With the New Year upon us, it’s a great time to set a goal of getting out for a walk three times a week. To make your walking experience as pleasurable and pain free as possible, we’ve rounded up some tips and recommendations that will help you enjoy your walks and get the most out of them.
Selecting the right type of shoe can have a big impact on your level of pain when walking. The Americans with Disabilities Act (ADA) suggests wearing shoes with silica gel or air midsoles for weight-bearing activities like walking because they are designed to reduce stress on your feet and joints.
It’s also important to ensure that your shoes are wide and large enough. Wearing shoes that are too snug can increase your susceptibility to triggering pressure points which, in turn, can increase pain. Give your feet a little room to wiggle and breathe.
A great shoe brand for walking are Brooks. I use the BrooksGlycerin because they have the most amount of cushion of pretty much any shoe that I have tried making it easier for may knees and lower back. You can try other’s in their line that are also good.

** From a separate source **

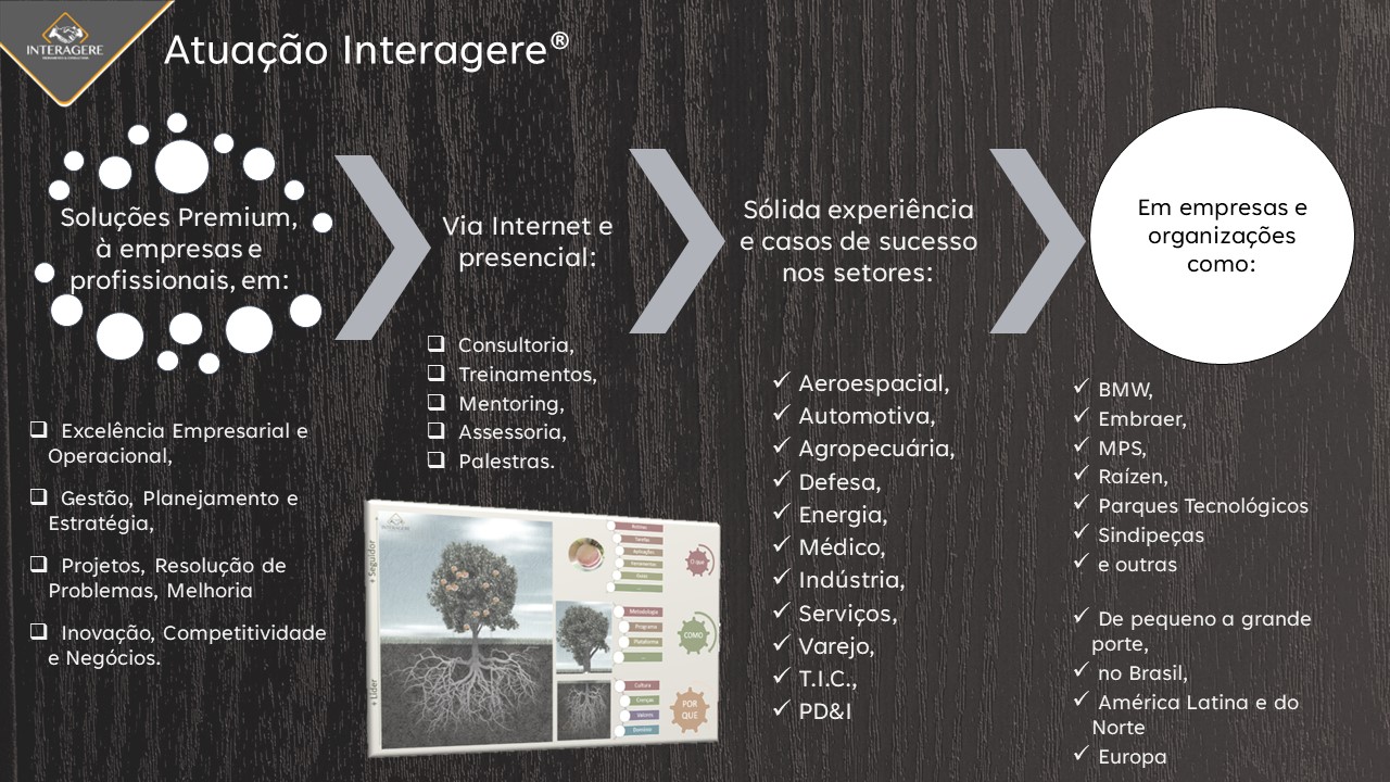 A Interagere promove melhores resultados e ganhos diferenciados, com a transformação e desenvolvimento de excelência em sua empresa, processos e equipes, no Brasil e no exterior,
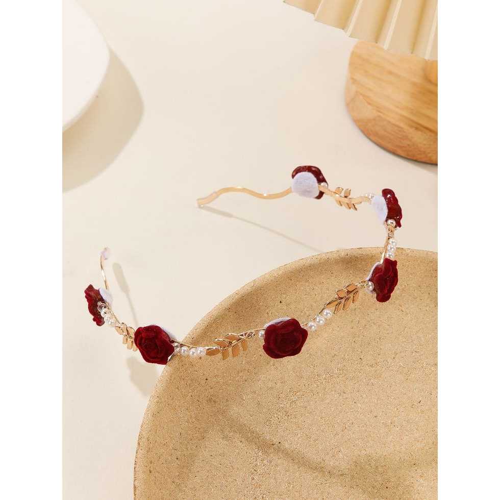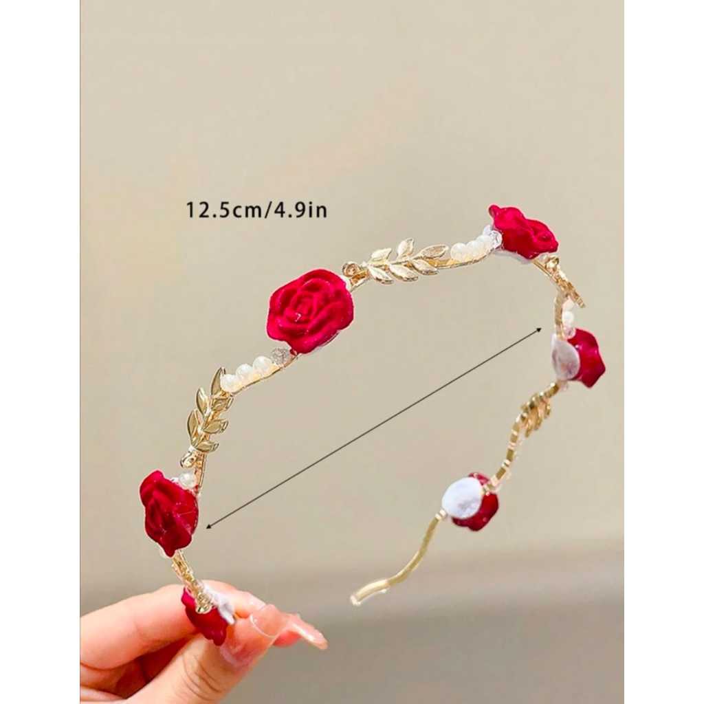 Headpiece bando bunga mawar maroon warna gold dengan tiara

Drinking enough water is universal health advice, but it’s especially important for people who have neuropathy. Water plays a crucial role in nerve function. When dehydrated, nerve function is disrupted, which can lead to a feeling of pain along damaged nerves. Water also helps reduce toxin buildup and inflammation levels—two things that can increase your pain.
Looking for a good water bottle to carry on your walks? Try this one. It’s BPA free and even has motivational time markers to encourage you to get your water in! At 64oz it can help you stay hydrated all day.
Compression socks, sleeves, and leggings are a wonderful tool to help manage your symptoms of neuropathy while walking. While nerve damage generally can’t be reversed, compression clothing can help protect the health of your feet and relieve pain.
Compression clothing works by applying pressure to your affected legs, feet, or hands. This pressure stimulates circulation and keeps your blood flowing in the right direction.
Try Aromalief’s Foot Compression Socks or knee brace to keep your symptoms at bay and support your body while walking. For leggings, I personally really like compression pants from Old Navy and Victoria’s Secret. Look for them with Side Pockets to keep your phone handy on your walk.
This isn’t a race or competition—give yourself permission to ease into your new walking routine and go at a pace that feels comfortable to you. Start with walking a quarter of a mile. Do that for a week, and if that feels good to you, increase your distance to a half a mile. Continue this process until you reach a level that feels right for your individual circumstance. If you haven’t walked in a long time, you can start even slower. Just go at your own pace, listen to your body, and be kind to yourself throughout the process. You’re doing something great for your body and you should be proud of yourself.
Write it in your calendar, agency, or even put a post it note to make sure that you remember to walk. Walking is a wonderful way to support your overall health and reduce your symptoms of neuropathy. Take it slow, stay hydrated, wear good footwear, and enjoy the fresh air. Your body, mind, and spirit will thank you!